Since the term, svami, rather than raja is visualized as the conqueror it is inadvisable to talk in terms of continuance of a royal dynasty as an imperative. The officials of the British East India Company and of the Crown were eager to find out what procedure should be followed while putting into place their puppets in the Indian states overrun by them. The people of the conquered areas were for continuance of the ruling dynasty though they did not insist that the successor should be invariably the eldest son of the deceased or dethroned ruler.
The Indologists, historians and jurists (Both British and Indian) consulted by them advocated continuance of the ruling dynasty and entering into agreement with one of its members. They did not hesitate to introduce in Manusmrti clauses (or highlight the clauses that were already in force) to satisfy the conquered people that they would continue to be ruled in accordance with their own laws and constitutions and win over the local chieftains and intellectuals.

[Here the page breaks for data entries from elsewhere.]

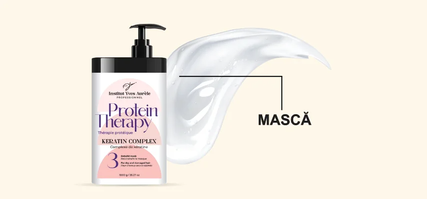 MASCĂ PROTEIN THERAPY (1000 g): Mod de utilizare: aplicați produsul pe părul spălat și umed. Pentru un efect mai bun, înfășurați părul într-un prosop și încălziți-l cu un uscător de păr. Lăsați să acționeze 5-10 minute, apoi clătiți bine cu apă.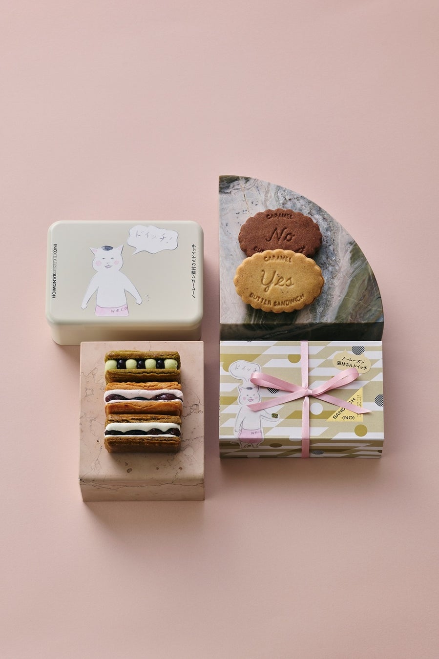 概要:縦結びがキュートなリボンを解くと3種のバターサンドが(猫村さんは、味がたくさんあること自体が嬉しいそうです)。丁寧な手仕事で仕上げるケーキのようなサンドをお楽しみください。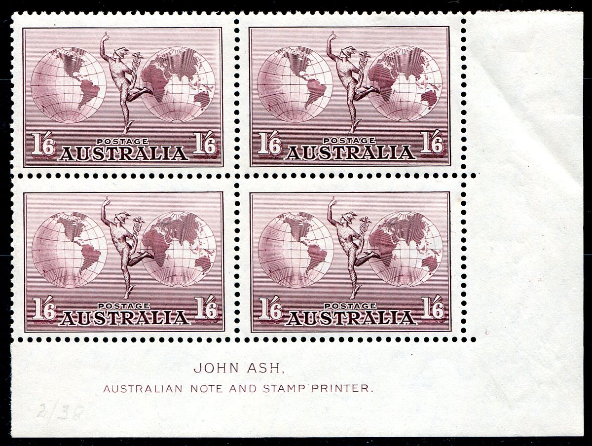 Australia #C5. F/VF mint lower-right inscription block of the 1934 issued 1sh6p "Mercury and Hemispheres" airmail issue. Full "John Ash, Australian Note and Stamp Printer" inscription. One stamp is Lightly Hinged, with three stamps being Never Hinged. Light bend in selvedge UR, not affecting stamps. Catalogued as 3 NH and 1 Hinged singles (but should be worth more as an inscription piece). 2025 Scott Classic US$332.50 =
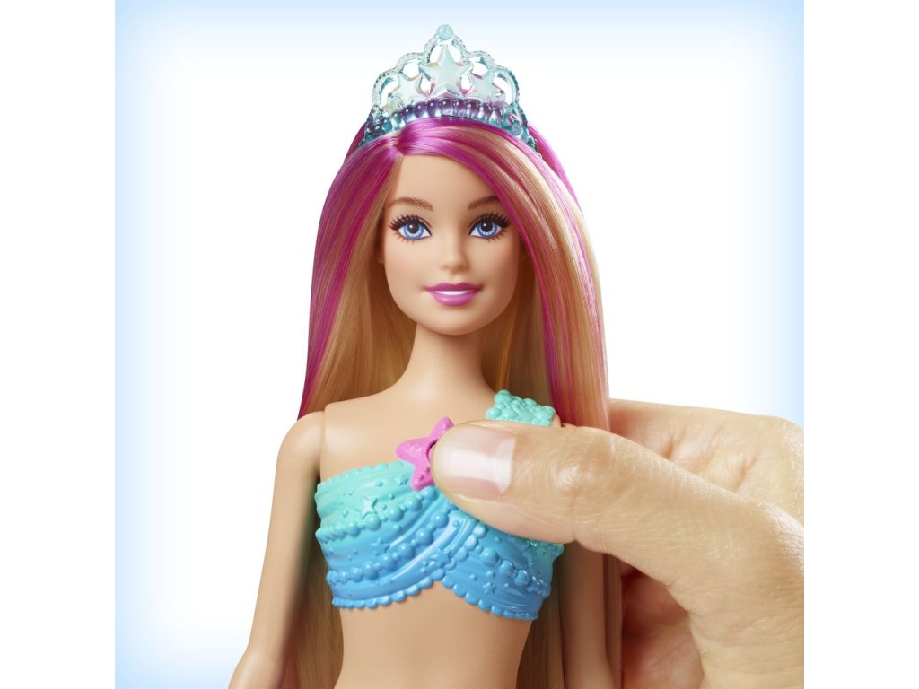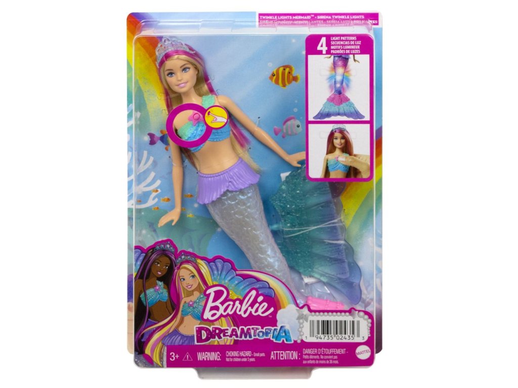 S bábikou Barbie™ Blikajúca morská panna blondínka™ sa môžete úplne ponoriť do rozprávania príbehov. Ponorte túto krásnu bábiku Barbie™ do vody a uvidíte, ako jej ligotajúci sa perleťový chvost svieti jednou zo štyroch farebných show. Užite si s bábikou Barbie™ špliechanie vo vani, v bazéne alebo nechajte deti preniesť zábavu i na breh - stlačením tlačidla v tvare hviezdy na živôtiku bábiky Barbie™ si užijú svetelnú show i bez vody. Dúhové plutvy, ružový melír a princeznovský diadém dopĺňajú farebný vzhľad Barbie™ ako morskej panny. Bábika Barbie™ Blikajúca morská panna je ideálna pre vodné hry (nutný dohľad rodičov) a je skvelým darčekom pre deti od 3 do 7 rokov. Bábika nevie samostatne stáť ani plávať.Dodatočné parametre

The conqueror shall make authoritative (pramana) all that is declared to have been in accordance with constitutional law (dharma) (of that country). He could not impose a new constitution on the conquered country. Every country had a right to frame its own law but whatever law or constitution was adopted had to meet certain basic conditions. He shall honour the new head and the major social leaders (pradhana purushas) with precious gifts. It was not bribery. It was to assure them that they were not his enemies. (203) The later commentators say: All the customs relating to the property of Brahmans or temples and to the duties of the people that may have been prevalent in the kingdom before, all those he shall confirm, make authoritative.
The Brahmans (the Brahmans of later times who helped the British to edit Manusmrti as the law binding all Hindus) are seen to have adopted a narrow sectarian stand and been ready to accept the conquest and the defeat suffered without murmur if their interests were safe. On why the new king and the new leaders are to be given precious gems, the (later) editors of Manusmrti say:The seizing of desirable property is productive of displeasure and the giving of it is productive of pleasure; each is commended if done at the proper time. (204)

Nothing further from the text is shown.